* [PROVIDED DATA]
· · · · ·
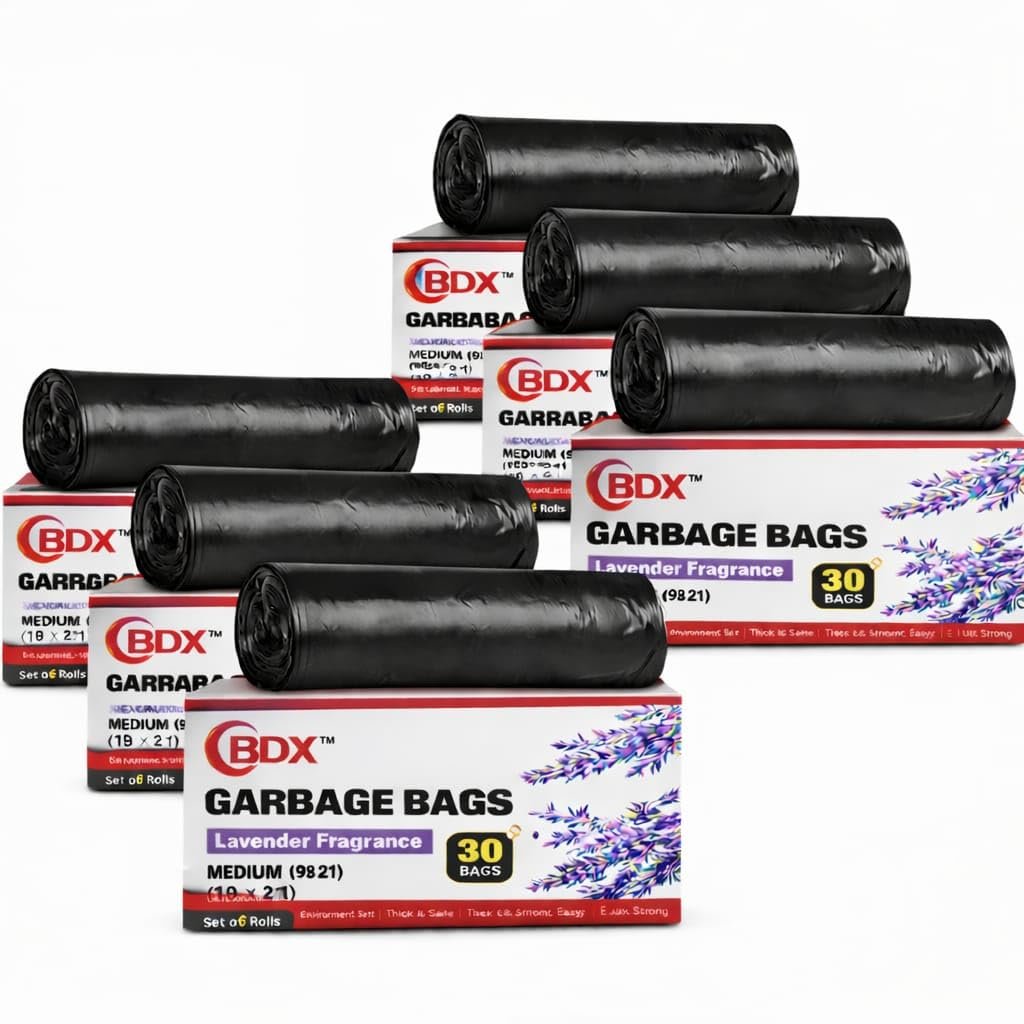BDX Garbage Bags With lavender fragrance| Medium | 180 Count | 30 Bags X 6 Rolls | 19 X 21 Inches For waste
· · · · ·
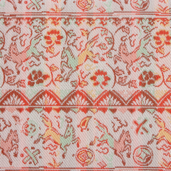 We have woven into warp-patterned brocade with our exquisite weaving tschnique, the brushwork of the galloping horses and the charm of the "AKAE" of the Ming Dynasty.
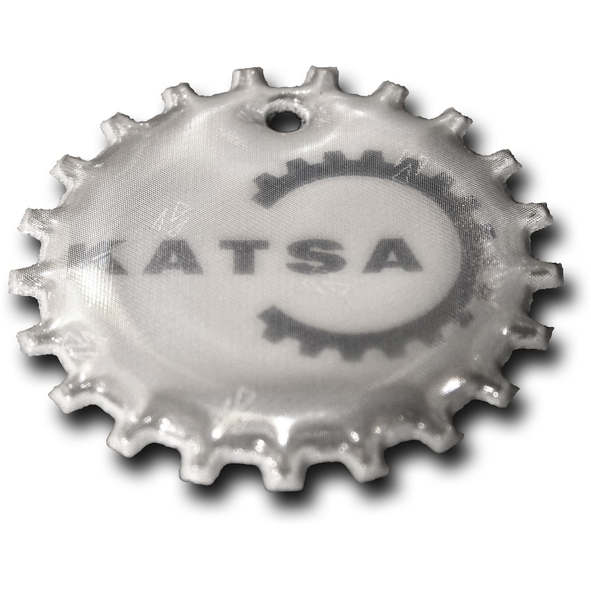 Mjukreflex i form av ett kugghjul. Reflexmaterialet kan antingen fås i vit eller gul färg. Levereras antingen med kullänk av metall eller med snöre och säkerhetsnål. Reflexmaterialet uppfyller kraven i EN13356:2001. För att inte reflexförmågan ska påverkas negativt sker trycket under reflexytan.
· · · · ·
* [TASK TO COMPLETE]
Using the data above, transcribe exactly the lines between those containing "We have woven" and "Mjukreflex i form", inclusive, and leave every picture behind.

* [ANSWER SPACE]
 We have woven into warp-patterned brocade with our exquisite weaving tschnique, the brushwork of the galloping horses and the charm of the "AKAE" of the Ming Dynasty.
 Mjukreflex i form av ett kugghjul. Reflexmaterialet kan antingen fås i vit eller gul färg. Levereras antingen med kullänk av metall eller med snöre och säkerhetsnål. Reflexmaterialet uppfyller kraven i EN13356:2001. För att inte reflexförmågan ska påverkas negativt sker trycket under reflexytan.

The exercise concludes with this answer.